Despite the use of sashimi-grade fish and a meticulously developed broth, the team has kept the price at $15, a key part of the concept.

“We started with cost in mind,” says Hoe Lon. “We didn’t want to create something that people would feel is expensive. Eating out should be enjoyable, you should feel happy when you pay.”

To make that work, the team streamlined the offering and sourced ingredients carefully, balancing quality with cost. They also avoided the use of shortcuts such as using MSG.

“It’s easy to make it cheaper,” Hoe Lon adds. “But we still want to stick to our idea of what a good bowl of ramen should be.”

Sold out within hours

The approach appears to be resonating.
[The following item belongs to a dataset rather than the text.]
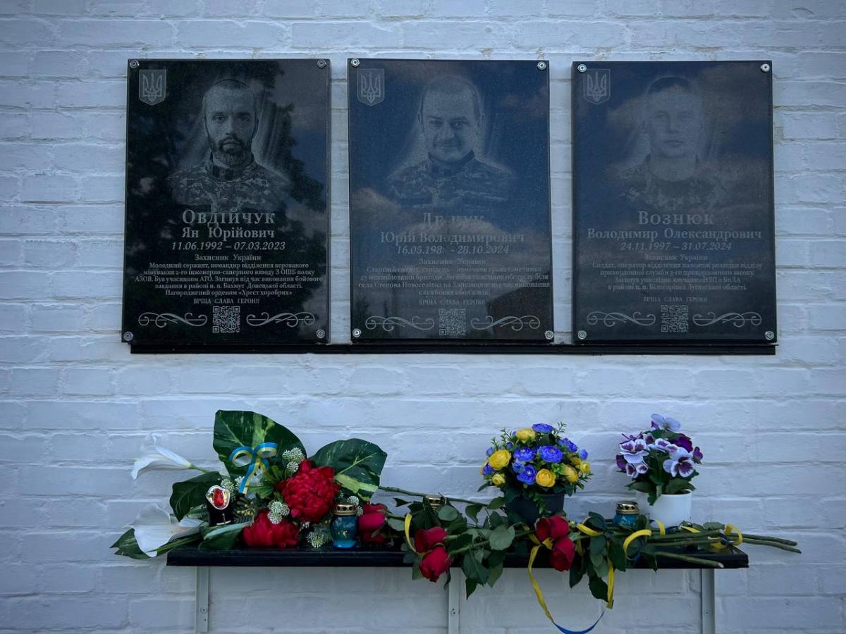 У Пеньківській філії Пісківського ліцею імені Героїв-земляків урочисто відкрили меморіальні дошки на честь воїнів Юрія Лешука, Володимира Вознюка та Яна Овдійчука. Про це повідомляють в Костопільській міській раді.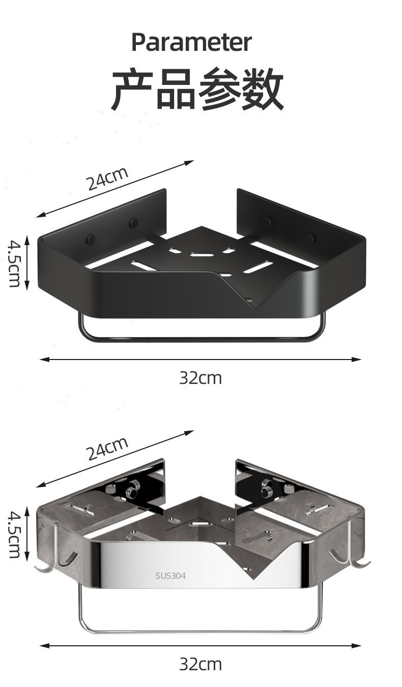 스테인레스 스틸 삼각형 스탠드 주방 욕실 보관함 펀치없는 욕실 코너 호텔 코너 보관함 보관함

On its opening week, the pop-up sold out before 1pm on most days.

“We’re encouraged,” says Leon. “It tells us the product is strong. But whether it’s something everyone likes, that’s what we’re trying to find out over these three months.”

Fish ramen, he acknowledges, may not appeal to everyone.

“People associate ramen with meat, and Singaporeans generally like stronger flavours,” he says. “So we challenged ourselves to get that same robustness, but with a cleaner approach.”

So far, feedback has been largely positive, with many diners finishing their bowls completely, something the team takes as a sign that the flavours are working.

Only 50 bowls served a day

For now, just 50 bowls are prepared daily, a limit the team says is necessary to maintain quality and keep operations manageable.

The pop-up runs with a three-man team, with one of Imamura’s former chefs, Adriel, helming the kitchen. You might catch genial Japanese chef Hirofumi Imamura himself there occasionally.

If demand remains strong, they plan to scale up gradually, potentially doubling output to 100 bowls a day.

Queues before opening

The pop-up operates from 11.30am to 6pm, or until sold out, which, so far, has been well before closing time.

Queues have been forming even before doors open, with waits of about 20 minutes. It is strictly walk-in only. 

The team is also considering extending opening hours to include dinner service.

Test run for more permanent concept 

And if the pop-up proves “popular enough”, they hope to extend the concept or develop it into a permanent set-up, though nothing has been confirmed.

“We just want to have fun exploring whether fish ramen can be done this way,” says Hoe Lon.

Affordability, they add, will remain central.

“It wouldn’t be more expensive [even if we were to set up a permanent eatery].”